TASK GOAL: Output all of the data exactly, keeping any images out of the copy.

(RECORDED DATA)

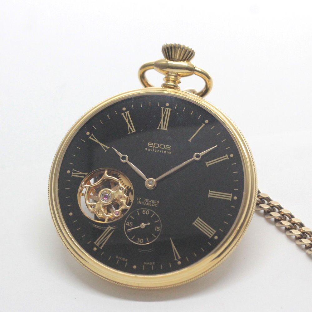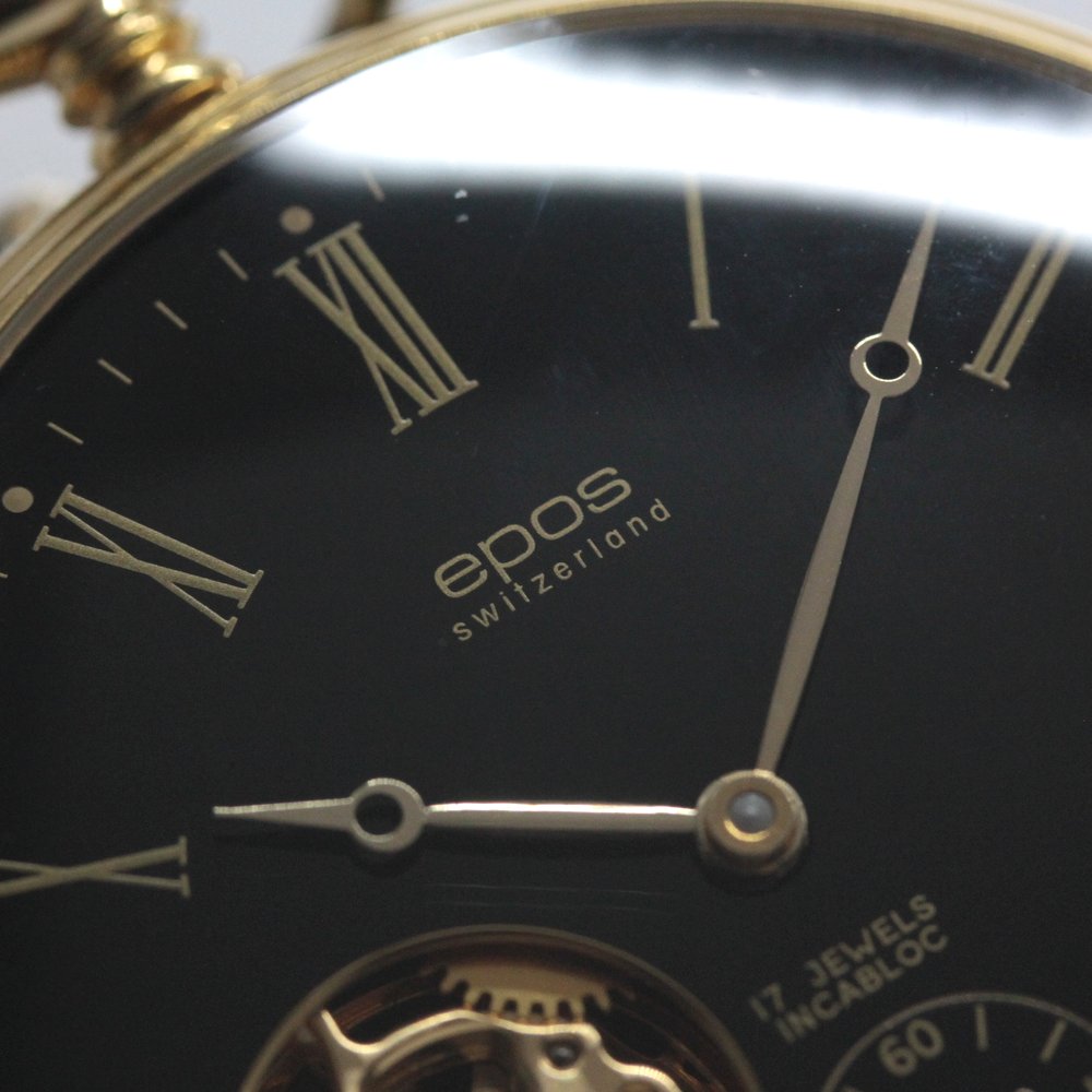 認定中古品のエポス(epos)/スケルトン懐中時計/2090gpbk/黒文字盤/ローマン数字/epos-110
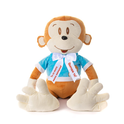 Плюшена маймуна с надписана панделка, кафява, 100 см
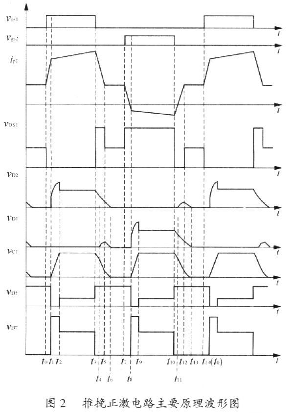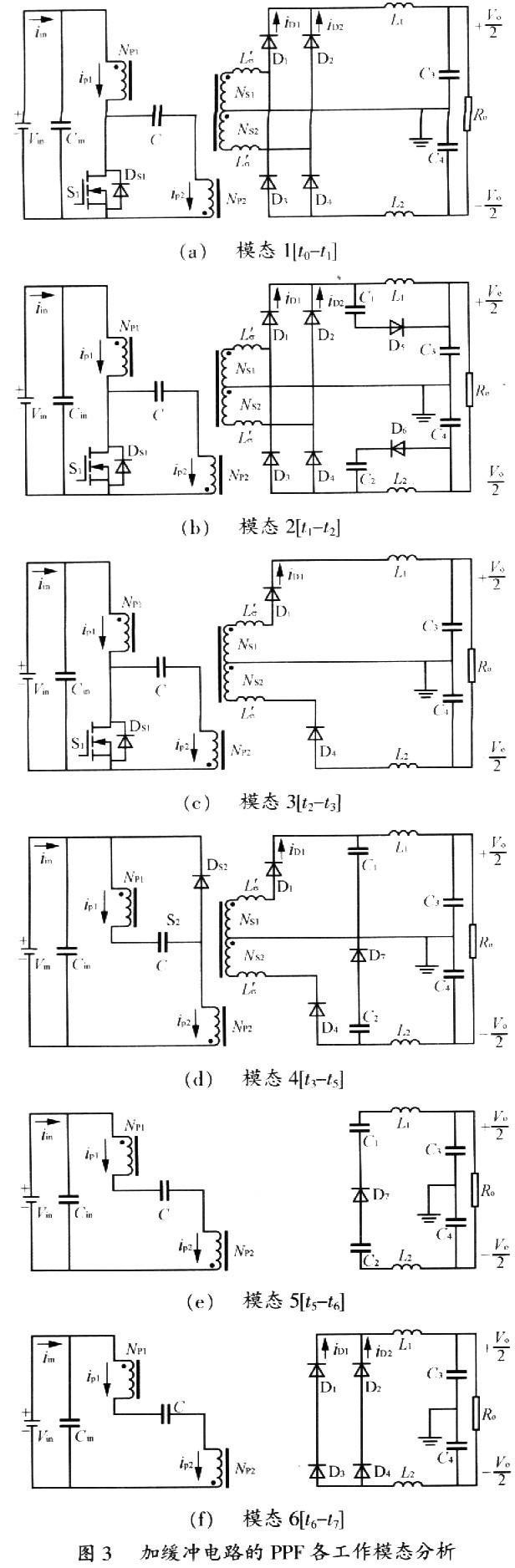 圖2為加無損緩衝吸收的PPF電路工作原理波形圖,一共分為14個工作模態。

(End RECORDED DATA)

FINISHED EXERCISE:
 認定中古品のエポス(epos)/スケルトン懐中時計/2090gpbk/黒文字盤/ローマン数字/epos-110
 Плюшена маймуна с надписана панделка, кафява, 100 см
 圖2為加無損緩衝吸收的PPF電路工作原理波形圖,一共分為14個工作模態。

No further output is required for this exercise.